What you will do:
Transcribe the data underneath exactly. No images belong in your version.

Information supplied:

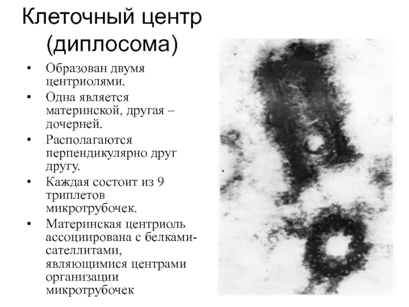 связанные с центриолями тельца (20-40 нм), являющиеся ЦОМТ.
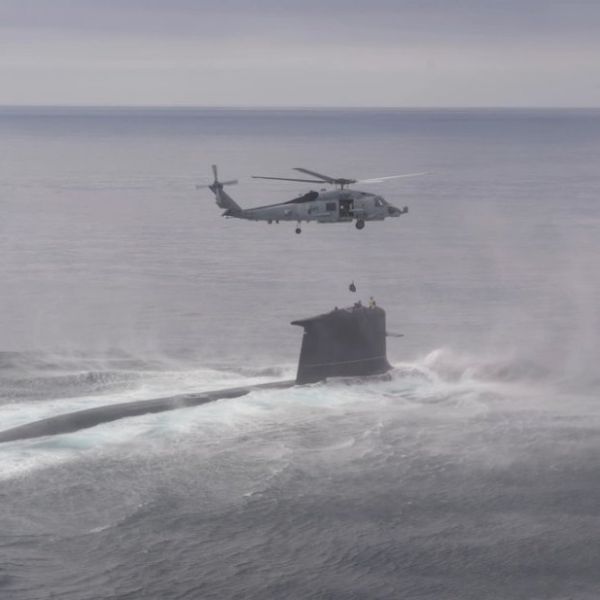 US Navy's MH-60R Seahawk helicopter conducts hoisting exercise with Chilean submarine CS Carrera
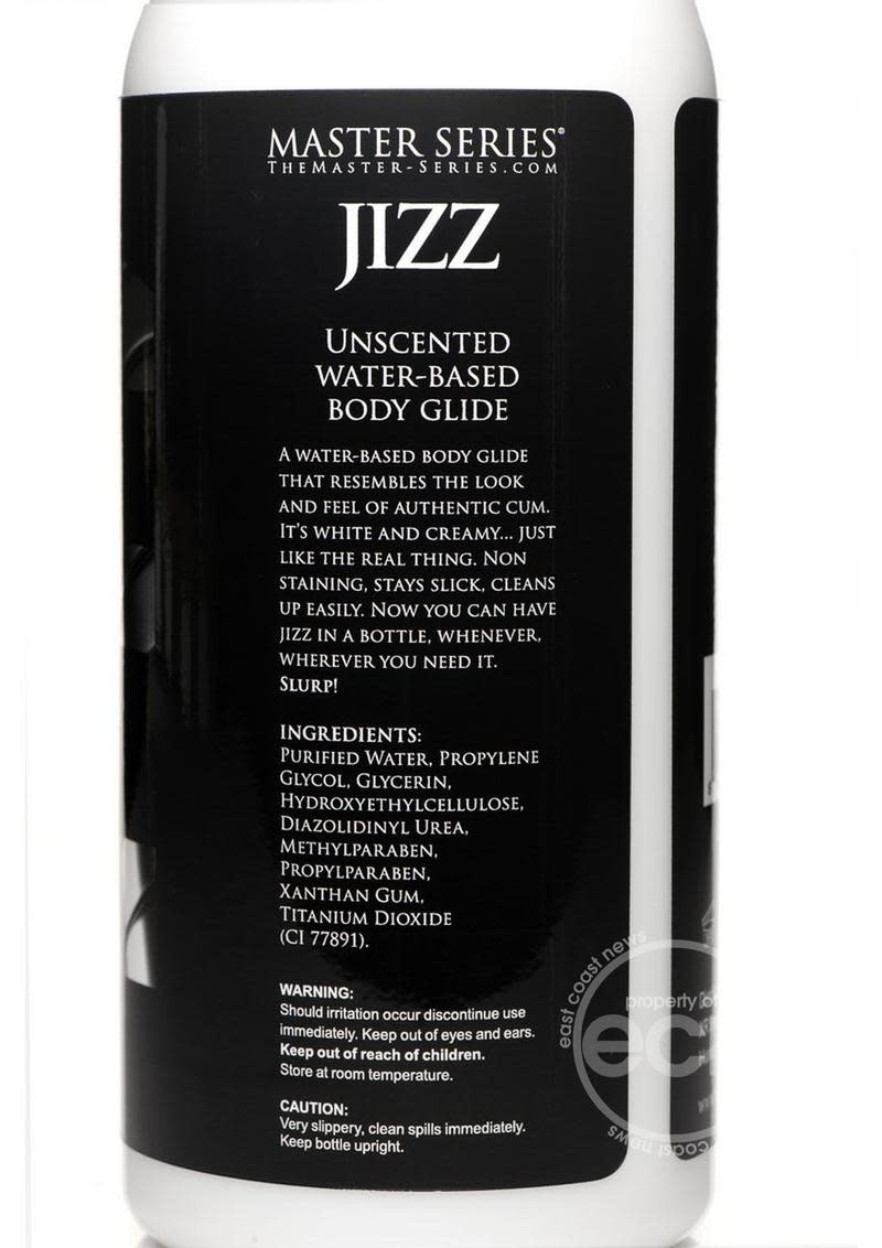 Love the texture and look of cum? Play with our Jizz Body Glide and enjoy using it in sensual play! The creamy white texture is made from a water-based mix and it is unscented so you can enjoy the look and feel without any lingering scents! It is super slippery, so you can slip and slide over each other as you massage each other's bodies. As a bonus, even if it spills it is non-staining! It stays slick, but because of the water-base it cleans up easily with soap and water. Ingredients included are generally body safe but do include glycerin, so it is not recommended for internal use. Keep away from children and keep at room temperature in an upright position.
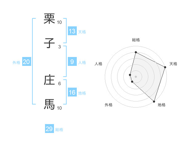 栗子 庄馬さんを姓名の画数から五運を鑑定
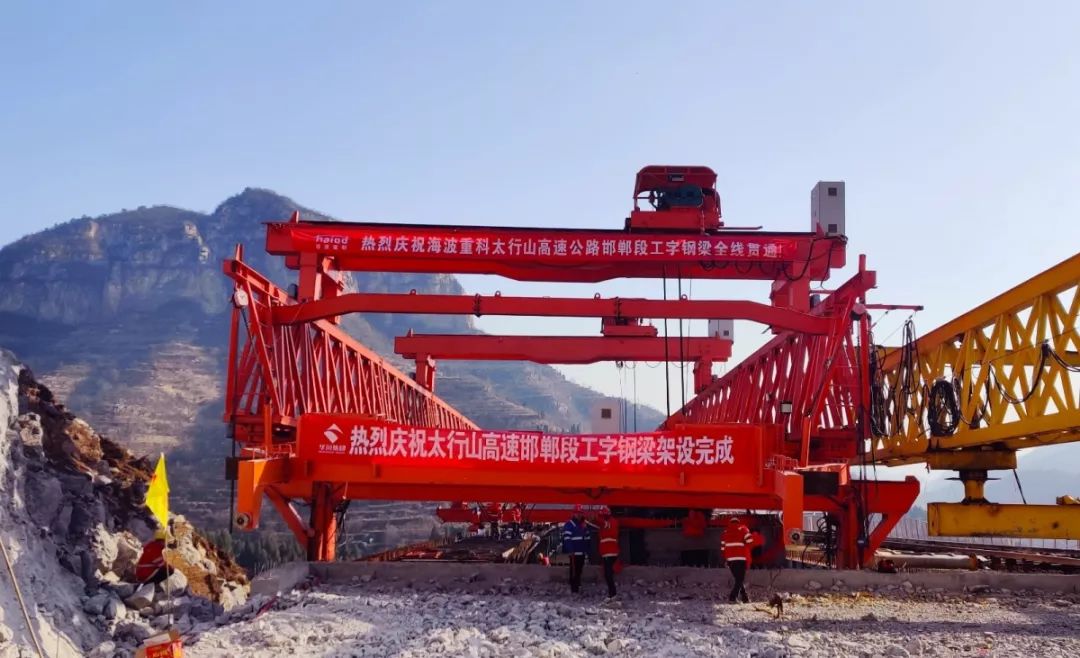 (海波重科新聞報(bào)道)2019年11月19日,由海波重科承接的太行山高速公路邯鄲段工字鋼梁全線貫通。甲方華川集團(tuán)黨委書記、董事長(zhǎng)、總裁謝應(yīng)文、總工程師曾昭明、華北片區(qū)指揮長(zhǎng)陳杰、項(xiàng)目經(jīng)理牟世輝、海波重科總經(jīng)理劉乾俊、項(xiàng)目執(zhí)行經(jīng)理趙占云、項(xiàng)目總工甘泉等領(lǐng)導(dǎo)共同見證這一振奮人心的時(shí)刻。

Task result:
 связанные с центриолями тельца (20-40 нм), являющиеся ЦОМТ.
 US Navy's MH-60R Seahawk helicopter conducts hoisting exercise with Chilean submarine CS Carrera
 Love the texture and look of cum? Play with our Jizz Body Glide and enjoy using it in sensual play! The creamy white texture is made from a water-based mix and it is unscented so you can enjoy the look and feel without any lingering scents! It is super slippery, so you can slip and slide over each other as you massage each other's bodies. As a bonus, even if it spills it is non-staining! It stays slick, but because of the water-base it cleans up easily with soap and water. Ingredients included are generally body safe but do include glycerin, so it is not recommended for internal use. Keep away from children and keep at room temperature in an upright position.
 栗子 庄馬さんを姓名の画数から五運を鑑定
 (海波重科新聞報(bào)道)2019年11月19日,由海波重科承接的太行山高速公路邯鄲段工字鋼梁全線貫通。甲方華川集團(tuán)黨委書記、董事長(zhǎng)、總裁謝應(yīng)文、總工程師曾昭明、華北片區(qū)指揮長(zhǎng)陳杰、項(xiàng)目經(jīng)理牟世輝、海波重科總經(jīng)理劉乾俊、項(xiàng)目執(zhí)行經(jīng)理趙占云、項(xiàng)目總工甘泉等領(lǐng)導(dǎo)共同見證這一振奮人心的時(shí)刻。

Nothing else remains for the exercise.